# severum breeding



## Carlo (Dec 28, 2007)

I have 2 green Severums. What I believe the male to be is about 7.5-8" in size, and the female is about 6-6.5" in size. They are housed in a 46 gallon bowfront w/ a raphael cat thats about 6" in size. The male & female have been together for about 2 yrs now, the male & the cat have been together for about 5 years..so they are a happy bunch. 

I recently gave my pair of green severums a change of sceneary. I turned their 46g into my planted tank. I dont know if its because they are snacking on my plants or the change of the tank, but they began the "courting ritual" last night when the lights went out. some pretty intense mock fighting and lip locking. When they locked...it was a pretty neat stand-off. 

I plan on adding some 4" pieces of river rock for them to spawn on, what I want to know is, do I have to seperate the young from the parents.

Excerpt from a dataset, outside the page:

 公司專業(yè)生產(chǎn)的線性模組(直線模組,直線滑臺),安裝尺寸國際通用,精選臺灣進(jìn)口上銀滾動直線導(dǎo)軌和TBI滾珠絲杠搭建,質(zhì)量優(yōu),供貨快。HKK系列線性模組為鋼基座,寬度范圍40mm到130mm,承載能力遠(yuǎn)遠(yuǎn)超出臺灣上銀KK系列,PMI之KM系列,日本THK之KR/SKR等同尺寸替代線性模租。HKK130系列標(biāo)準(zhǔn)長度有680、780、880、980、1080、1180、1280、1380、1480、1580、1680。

I know I will have to temp. rehouse the cat b/c im sure he would eat the young but I dont know if the parents will eat the young. 

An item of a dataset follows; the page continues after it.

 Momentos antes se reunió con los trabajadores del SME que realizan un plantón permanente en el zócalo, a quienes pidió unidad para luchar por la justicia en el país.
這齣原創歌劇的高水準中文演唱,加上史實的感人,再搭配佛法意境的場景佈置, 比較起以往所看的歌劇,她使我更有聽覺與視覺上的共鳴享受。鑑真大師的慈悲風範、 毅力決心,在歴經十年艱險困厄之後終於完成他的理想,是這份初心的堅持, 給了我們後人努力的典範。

I was planing *if* they do spawn on a rock, that I was going to put the rock in a breeder net until they hatched, then move them into a grow out tank. 

Anything I am missing?

-Carlo


----------



## lohachata (Jan 27, 2006)

hard to tell wether or not the parents will eat the eggs or the fry... i usually just move the breeding slate to another tank... it would be best to lay the slate on the bottom of the tank... mine have always preferred that.. besides; it keeps them from knocking the slate over and breaking the tank..
forget about the breeder net thing... you will need a few more tanks.. a 20 long for hatching the eggs and the first 3 weeks of life..... then something like a 50 breeder for the next month... then a 125 or bigger for the next month or so until you ell them.
a good sized female may lay well over 500 eggs...
the hatching tank should be bare with a heater... sponge filter or 2... and treated with a good fungicide...i use methylene blue or 37% formalin..


----------